В день, когда мы укрылись в метро, я, судя по всему, зашел дальше всего. Меня, похоже, подталкивало некое неистовство, истина столь необузданная, что, внезапно сломав хрупкие подпорки ее языка, я заговорил по-французски, — пользуясь теми безрассудными словами, которых никогда даже не касался и которые теперь рушились на нее со всей силой своего безумия. Едва они ее коснулись, я ощутил это почти физически, в ней что-то сломалось. В тот же миг она была у меня отнята, унесена толпой, сорвавшийся с цепи дух которой не только отбросил меня далеко прочь, но и ударил, раздавил, словно мое преступление, обернувшись толпой, в неистовстве стремилось нас навсегда разлучить.

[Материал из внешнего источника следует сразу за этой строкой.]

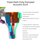 Los Juzear Defiant cuentan con un sistema acústico patentado de tres conductos donde cada rango de frecuencias (bajas, medias y altas) es conducido de manera independiente al oído a traves de cada uno de estos conductos. De esta manera la separación instrumental es impecable y se reduce la distorsión armónica prácticamente a cero.

Днем я не узнал о ней ничего нового (все это случилось около двух). Я работал, фатальная неизбежность работы служила оправданием для любых уверток. Я говорил себе: если сегодня вечером, часам к восьми, ничего не узнаю, смертельно встревожусь, и до поры до времени это заглушало мои тревоги. В министерстве ее не видели, ну да в министерстве никто никого не замечает. В восемь я отправился на поиски, я искал ее по пустым коридорам, заглядывая то в переполненные, то в безлюдные кабинеты. Искал в ресторанчике, где, чтобы ее дождаться, мне пришлось поужинать. Ее домашний телефон так и не отвечал. Тем не менее я отправился к ней домой, решив, что она просто не поднимает трубку. Эта идея меня успокоила, я был действительно уверен, что обнаружу ее в крохотной комнатенке, она ведь оказывалась там всякий раз, когда я приходил. Но дверь, за которой стояла глухая тишина, стала злейшим из моих врагов: откройся она, и я бы поладил с пустынной квартирой, я мог бы обнаружить там следы ее посещения, у меня было бы место, где ее дожидаться, я бы заменил там ее собою и вынудил прийти упорством своего ожидания. С какой горечью вспоминал я о своем отказе здесь жить. Да еще Кристиана, я проклинал ее за то, что она была в деревне и не могла помешать своей матери пропасть. Пропащим был в тот момент и я сам. Безумие мое проистекало уже не из-за беспокойства или заинтересованности в судьбе Натали, а из-за росшего с каждой минутой нетерпения; оно, не довольствуясь какой-либо целью, превращало меня в обреченного на поиски странника, которому нечего искать. Я вернулся к министерству. Никак было не избавиться от идеи, что если ее где-то и искать, то около реки; притягательность эта идея черпала разве что из отсутствия здравого смысла, поскольку самоубийство приводило Натали в ужас. Я оставался там бесконечно долго. Ничего не помню о простоявшем столько часов на мосту человеке. Ночь, кажется, была кромешной.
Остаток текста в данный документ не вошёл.